As for the software itself, I still find MotoBlur to be a good idea but kinda confusing all at the same time. The RSS reader widget and Universal Inbox are cool. "Happenings" reminded me that, oh yeah, I still have some use for Facebook, but frustrated me when I tried to use it to dive deeper into my social networks. So I wound up installing Twidroid to deal with Twitter, went back to ignoring Facebook altogether, and disabled both Happenings and Social Status. But hey, that's what makes Android cool: You can rock MotoBlur, you can disable it and run your own widgets setup, or you can root the phone, flash the ROM, and illegally install someone else's software. Wait, actually, you can't do that last part without breaking the law, so nevermind. But you get the point - it's super easy to customize Android to your liking.
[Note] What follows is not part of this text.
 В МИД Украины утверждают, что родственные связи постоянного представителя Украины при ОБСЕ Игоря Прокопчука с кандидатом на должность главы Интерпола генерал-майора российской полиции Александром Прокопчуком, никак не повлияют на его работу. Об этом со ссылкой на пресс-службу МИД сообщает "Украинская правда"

Except, that is, for the fact that AT&T and Motorola disabled every instance of Google Search from Backflip! Seriously - there's no voice search widget, there's no setting something other than Yahoo! as your default search provider in the Browser, there's nothing Google here except the Android platform itself. It's crazy!
The rest is pretty standard fare, though standard on today's smartphones is really pretty nice: 5MP camera with flash and camcorder, 3.5mm headphone jack, HSPA data, GPS, 802.11 b/g WiFi, accelerometer, microSD slot, microUSB and Bluetooth connectivity … all of which perform well, but not abnormally spectacular as compared to similar devices. The camera software handles geotagging, Android is great with media sharing, and so on, and the camera itself actually seemed to perform a bit better than Droid's image-taker did.
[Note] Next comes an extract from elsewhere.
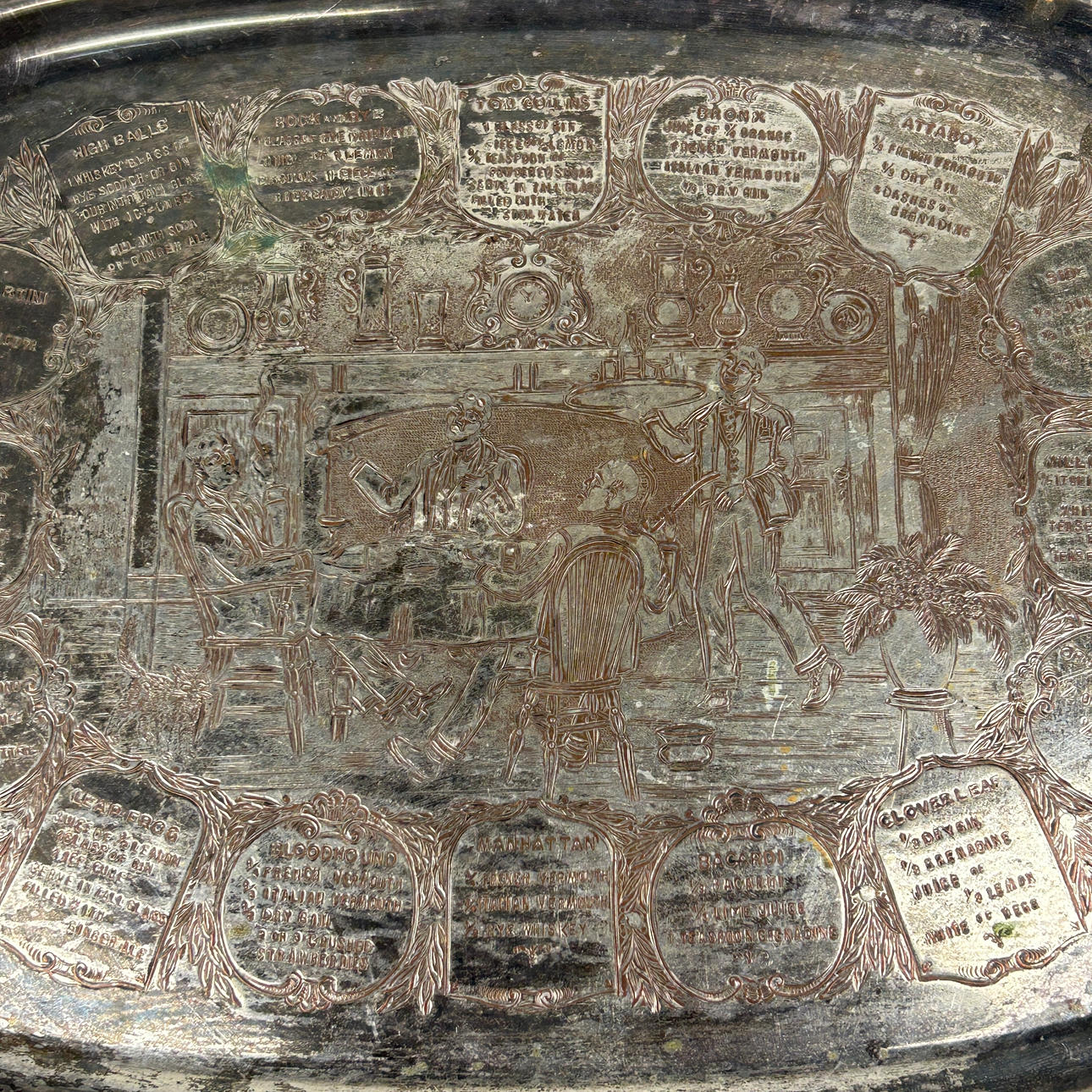 A silver plate drinks/serving tray with public house design, size 54cm x 35cm.

I always like seeing innovation in gadget design. Sometimes new designs catch on and sometimes they don't. While I'm not about to put money on Motorola Backflip's reverse-folding, rear-mounted trackpad concept catching fire in the wireless world, I actually think it's kind of cool and kind of handy after a near-week of testing. Over the long haul I'd have concerns about exposing my phone's QWERTY boards to the elements in (and out of) my pocket on a daily basis, but this review cycle didn't allow for long-term testing, so who knows what all of those Backflip keyboards will look like six months down the road.
Backflip is another in the growing ranks of Android-powered budget smartphones, phones set apart . Like MotoBlur and want AT&T? Awesome! Backflip gets you some MotoBlur on AT&T. Like Android and dig Backflip's funky design? Great! Swallow a wee bit of performance lag right now and you've one unique Android phone that's ready for its 2.1 upgrade. And if you just want to TXT, tweet, and Facebook on the go, look at Backflip as a newer, more futureproof version of that Sidekick LX or enV Touch that your friend from Algebra class has been carrying for the past nine months.
Just don't expect Droid or Nexus One type performance - or any sort of Google-powered search whatsoever - and Backflip should hold up as an Android messaging-smartphone on the cheap. Motorola has finally ushered in the age of Android for AT&T users.